McQueary testified to the grand jury that he saw Sandusky raping a boy of about 10 years old in the Penn State football locker room in 2002. In that testimony, McQueary said he told his father of the incident and the next day followed his instructions to tell Paterno.

Last week as the debate raged as to whether McQueary, then a graduate assistant coach for the Nittany Lions, did enough to see that a pedophile was brought to justice, I consulted an authority on such matters for a verdict.

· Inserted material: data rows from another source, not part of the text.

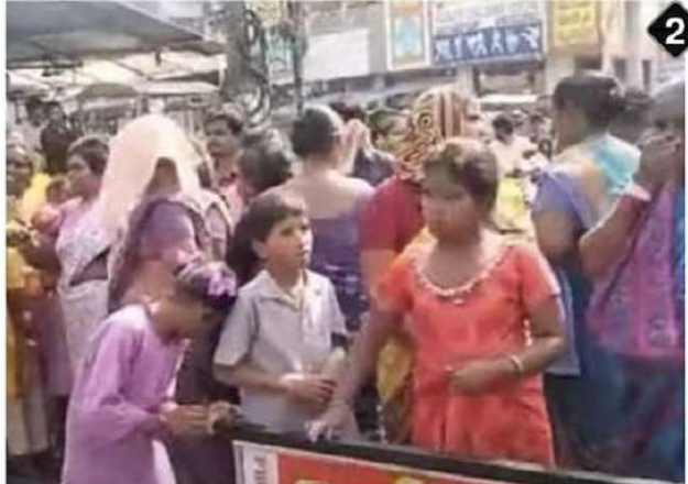
సీఎం జగన్మోహన్ రెడ్డి పనిలో తమవారిని అక్రమంగా నిర్బంధించారంటూ ఆందోళన చేస్తున్న విజయవాడ వద్దర కాలుషీవాసులు
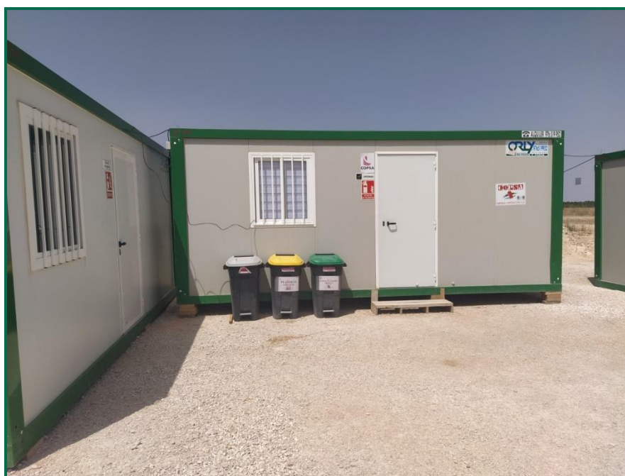
Fotografía 9. Contenedores en el exterior de las oficinas.

La madera utilizada en el transporte de las hincas, únicos elementos de la estructura instalados hasta el momento, se reutiliza para el almacenamiento de estas, y la sobrante se acopia.
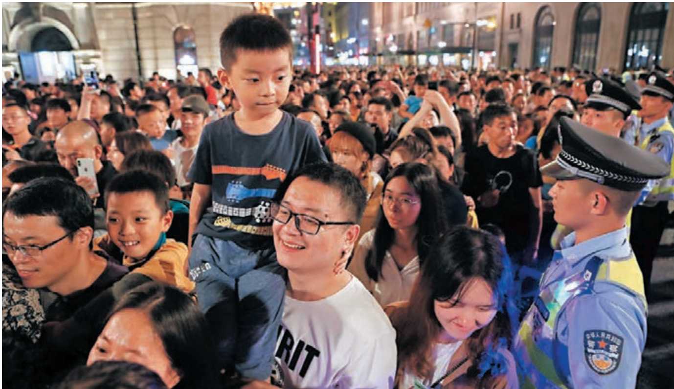
《中國經濟生活大調查（2019—2020）》結果顯示，過去一年有43.81%的受訪者感覺自己幸福。圖為早前市民在上海外灘遊覽。

《中國經濟生活大調查》連續14年通過郵遞員每年向公眾發放十萬張調查問卷，今年在國航、南航和東航的大力支持下又開闢了新的空中調查渠道，調查問卷走進了機艙，十三萬張問卷呈現出了更加豐富生動的中國百姓畫像。
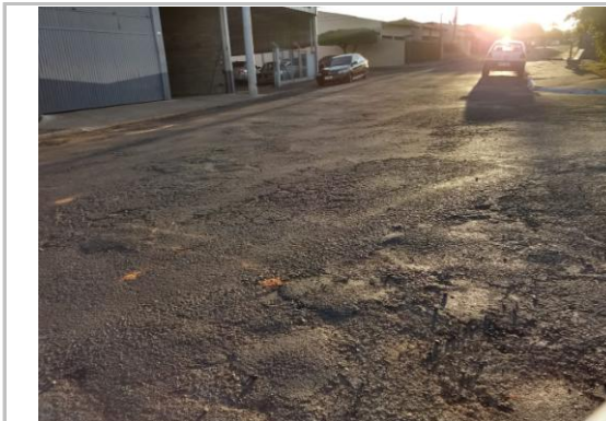
Trecho 03 - Alagoas (Ângulo Oposto) 20°44'08.5"S 49°34'32.3"W
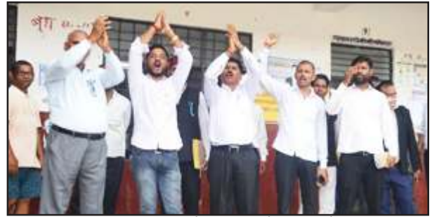
सदर तहसील में एसडीएम के विरुद्ध नारेबाजी करते अधिवक्ता।

प्रतापगढ़। सदर तहसील में आज भी अधिवक्ताओं द्वारा एसडीएम सदर के विरुद्ध जमकर नारेबाजी की गई। बता दें कि सदर तहसील के अधिवक्ता एसडीएम के दुर्व्यवहार से क्षुब्ध होकर आंदोलन कर रहे हैं। अधिवक्ताओं के आंदोलन से तहसील का कामकाज भी प्रभावित हो रहा है।
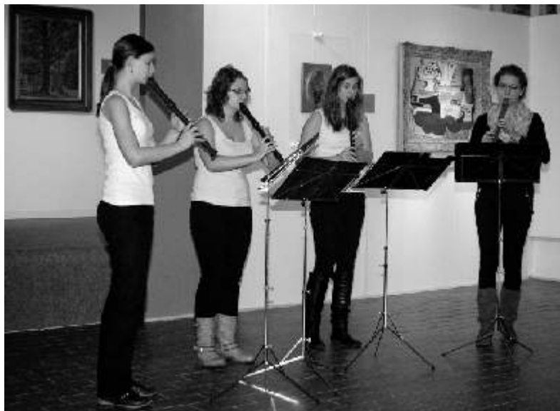
O hudební doprovod p i vernisáži se postarali studentky a studenti Konzervato e Teplice
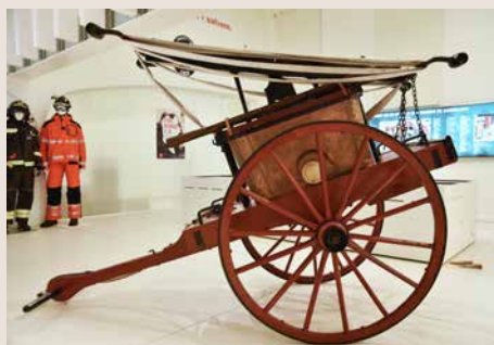
Bomba MTM 1875. Adquisició de 1875. Bomba manual d'incendis fabricada per la Maquinista Terrestre i Marítima a partir d'un model francès. Per aspirar aigua directament d'una bassa o canal. Té un dipòsit que es pot omplir amb galledes d'aigua. ABB
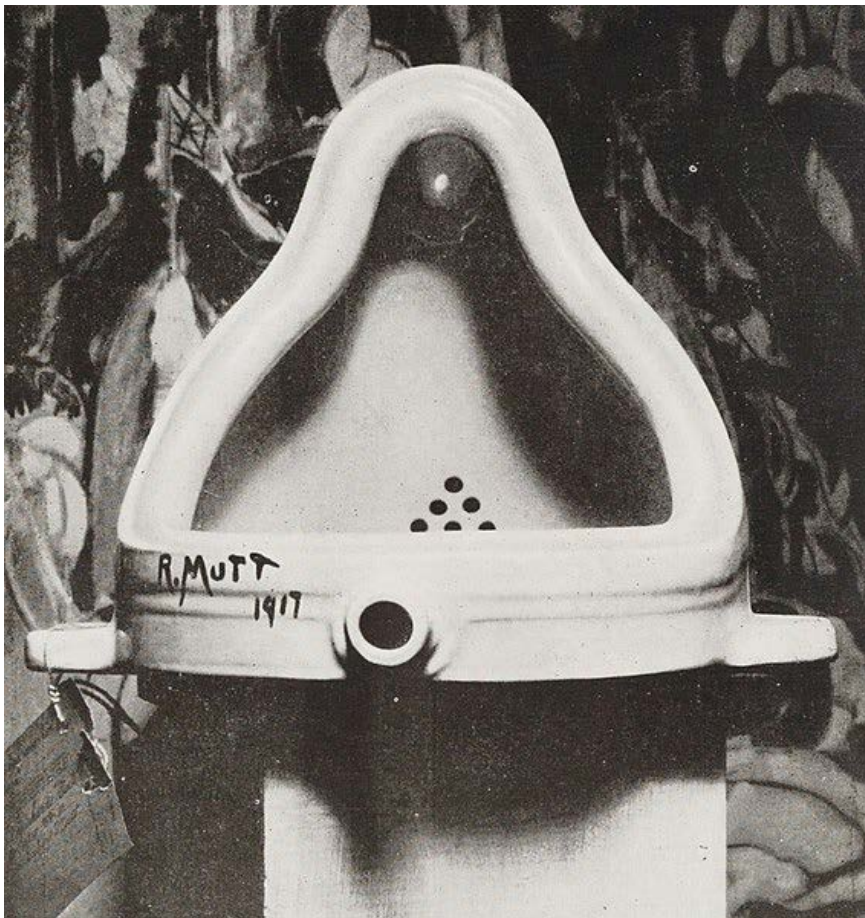
Figura 1. El urinario original, fotografiado por Alfred Stieglitz en 1917, después de su rechazo por la Sociedad de Artistas Independientes

La fuente , como se conoció luego la obra, fue trasladada a la Galería de Arte 291, propiedad del fotógrafo y amigo de Duchamp, Alfred Stieglitz, donde se instaló al revés sobre un plinto y fue fotografiada por el propio Stieglitz. Posteriormente, el urinario desapareció para siempre, y es esta la única foto que se conserva del original [Figura 1].
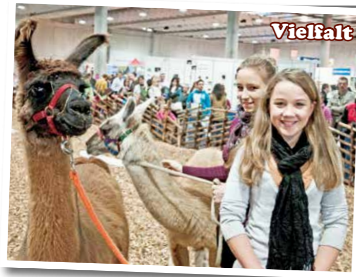
Als einzige Großveranstaltung in Österreich gelingt es der mensch&tier, den unglaublich großen Bogen über nahezu alle Tierarten zu spannen. Da dürfen Besonderheiten wie Lamas und Alpakas natürlich auch nicht fehlen. Das vielseitige Programm spricht Familien wie Fachbesucher gleichermaßen an und gibt Raum für Information und Erweiterung der persönlichen „tierischen Interessen“.
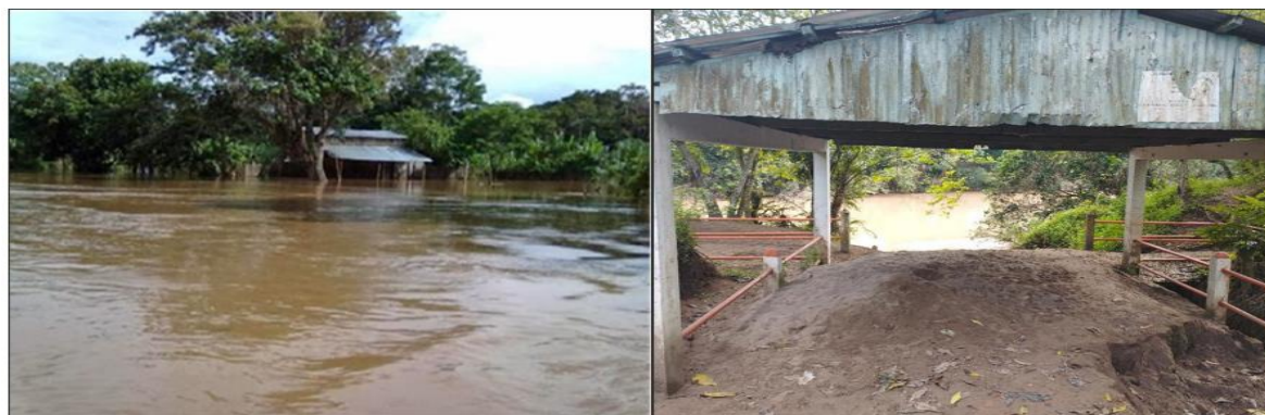
FIGURA N°02: TRAMO CRÍTICO EN EL RÍO SAPOSOA, MIRADOR Y PUERTO CANTORCILLO INUNDADO EN TÍEPOS DE MAXIMAS AVENIDAS, Y POR LA VELOCIDAD DEL AGUA VIENE EROSIONANDO EL TALÚD DE LA RIBERA.
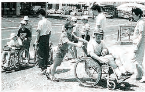
児童の福祉体験「サマースクール」
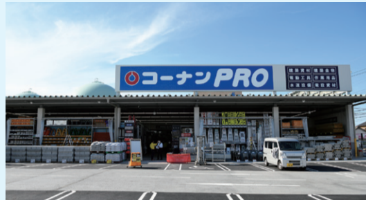
2023年10月にオープンした「PRO新守山店」

プロのお客様の厳しい目に応える専門性の高い資材、塗料、作業用品などを幅広く品揃えするプロ向け専門店です。近年は売場面積300坪～500坪クラスの小型店の出店も強化し、都市部でも出店しやすい店作りで幅広い店舗展開を行っています。
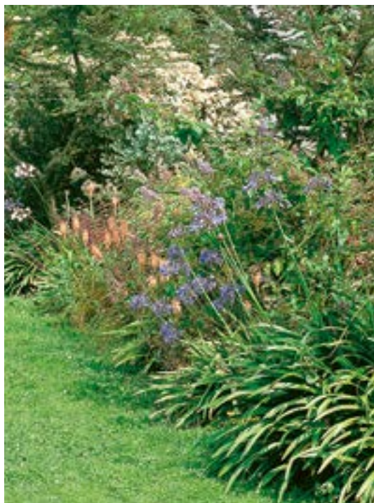
Agapanthus 'Hydon Mist' ▲ 1

Grandes fleurs bleu soutenu, ombelles de 15 à 20 cm de diamètre. 'Albus' : fleurs blanc pur. 'Albovittatus' : feuillage panaché de blanc crème, fleur bleu clair. Magnifique mais rare.
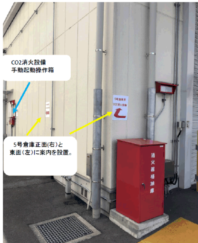
5号倉庫内シャッター付近
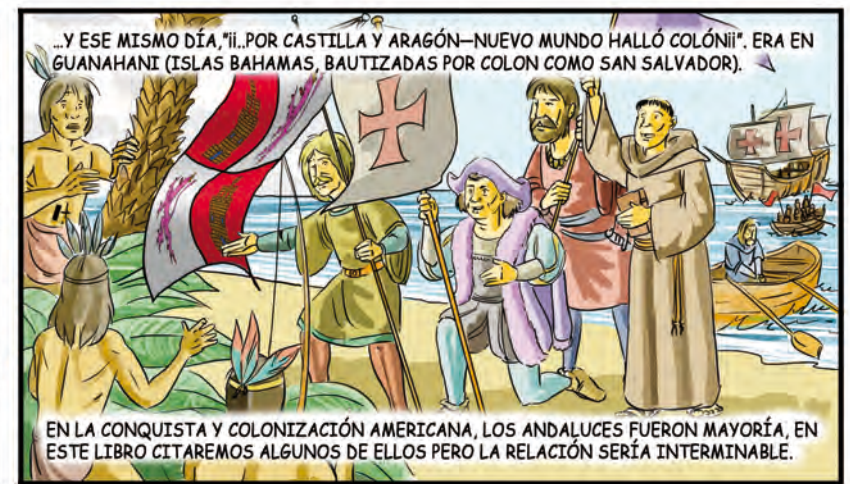
...Y ESE MISMO DÍA, "¡¡POR CASTILLA Y ARAGÓN-NUEVO MUNDO HALLÓ COLÓN!". ERA EN GUANAHANI (ISLAS BAHAMAS, BAUTIZADAS POR COLON COMO SAN SALVADOR).
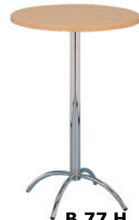
B 77 H
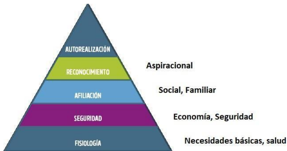
Figure 2. Adaptabilidad de los factores de la calidad de vida a la pirámide de Maslow. Fuente:

pues sus enfoques y propósitos de explicar el comportamiento humano son similares y podemos ver representados como se adaptan estos conceptos a la realidad del país. Evaluativamente se encuentran una serie de similitudes y diferencias entre el concepto de Maslow que fue desarrollado hace décadas como el planteamiento presentado en este ensayo, pues comprende la misma agrupación de características presentadas excepto la variable de autorrealización ya que hacen referencia a condiciones de desarrollo y aceptación personal, esta variable se encuentra inmersa dentro de las demás y no es especificada pues es el resultado de la satisfacción de las demás variables. Otra diferencia entre los dos conceptos es que en la pirámide se presenta un flujo de ascenso progresivo por lo que al satisfacer una de ellas se puede seguir con la siguiente, en cambio en el modelo comparado no tiene una estructura jerárquica y no tienen prerrequisito de un factor a otro.
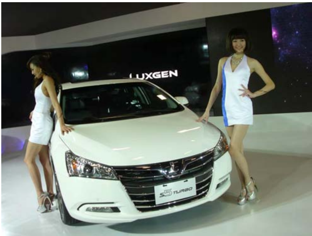
Luxgen New S5 Turbo
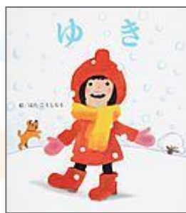
『ゆき』 はた こうしろう(絵) ひさかたチャイルド

→図書館司書が「読んでほしい」絵本をご紹介します！今回は「冬を楽しむ絵本」がテーマです。
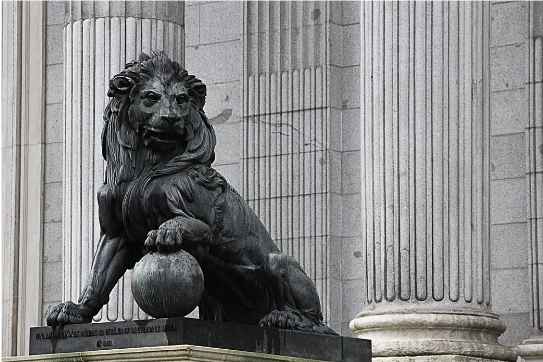
León del Congreso de los Diputados

Los leones del Palacio de Congresos son dos esculturas de bronce que protegen la entrada a las Cortes. Están realizados por Ponciano Ponzano y reciben el nombre de Daoíz y Velarde , los héroes del Dos de Mayo.
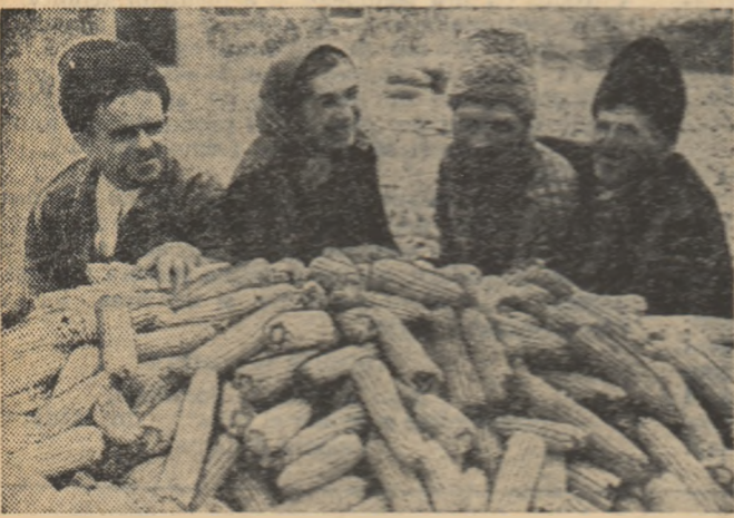
Aplicînd întocmai metodele agrotehnice înalte, membrii gospodăriei agricole colective din comuna Moța, raionul Pașcani, au reușit să obțină anul trecut o producție de 4.300 kg porumb boabe la ha.
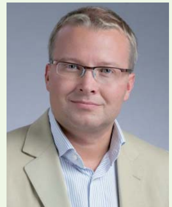
Ministr životního prostředí Tomáš Chalupa

Ministerstvo chce především přispět ke snížení emisí. Znečištěné ovzduší je samotnými obyvateli Moravskoslezského kraje ve výzkumech veřejného
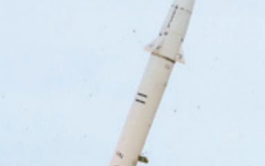
اصابت بسیار دقیق موشک هرمز - ۱ به رادار
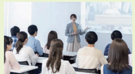
●大学説明&入試ガイダンス
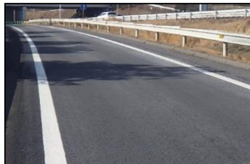
補修完了状況(イメージ)
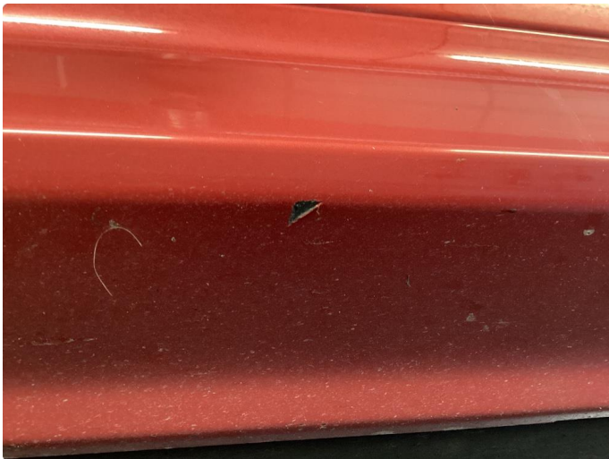
1.1 Lite "sår" pensles
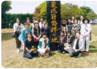
石炭・歴史博物館にて
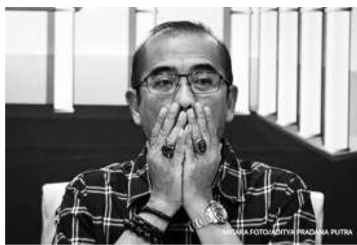
普选委员会主席哈欣。

【本报讯】2月23日，普选委员会主席哈欣表示，绝不会停止在概括信息系统中显示选票数据的透明度，特别是从投票站上传的C表格的原始照片，即投票站记录的选票汇总数据。尽管由于系统的误读，某些数据出现错误识别，但是普选委确保将通过手工操作重新统计选票汇总结果，并进行更正和同步数据阶段验证。关键是对照片，我们将继续上传投票站的C表格的选票汇总结果。不然，没有证人的政党或选民想获得有关投票站的结果，如何获得呢？正是通过概括信息系统，大家可以下载并获得信息，以进行监控。
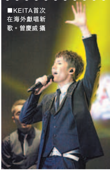
KEITA首次在海外獻唱新歌。
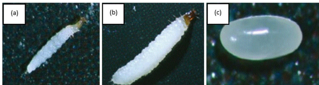
(a) 1er instar larval, (b) 2do instar larval, (c) Huevo

Figura 1 - Huevo y larvas de C. pumilio .
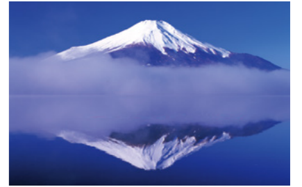
8 山中湖に映る逆さ富士
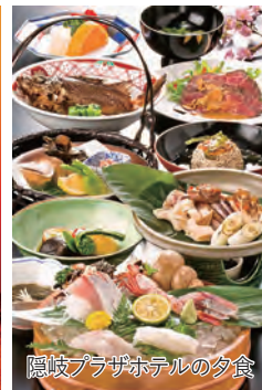
隠岐プラザホテルの夕食
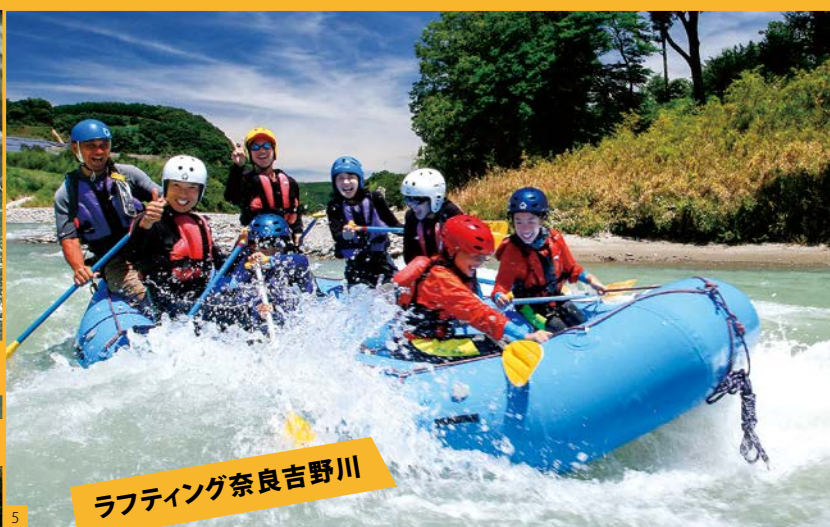
ラフティング奈良吉野川

Lauren Book, author of “It’s OK to Tell: A Story of Hope and Recovery” and host of the website laurenskids.org, details in her book the particulars of her being the victim from the ages of 11 to 16 of sexual violence at the hands of her female nanny. Book, 27 and a graduate student at the University of Miami (Fla.), has made it her life’s mission to educate the public on prevention tactics that can stop pedophiles before they strike.

Interviewed by telephone last week, Book offered an interesting take on McQueary.

“To be honest with you, I don’t know that anybody can truly judge how he reacted to the situation,” Book said. “He did what he thought he was supposed to do. He went to the great Joe Pa to try to stop that. Some people say he should have physically gotten in the middle. A normal human is not accustomed to seeing a 10-year-old boy being sodomized. That’s a subhuman act. I’m sure he was very traumatized to see something like that.”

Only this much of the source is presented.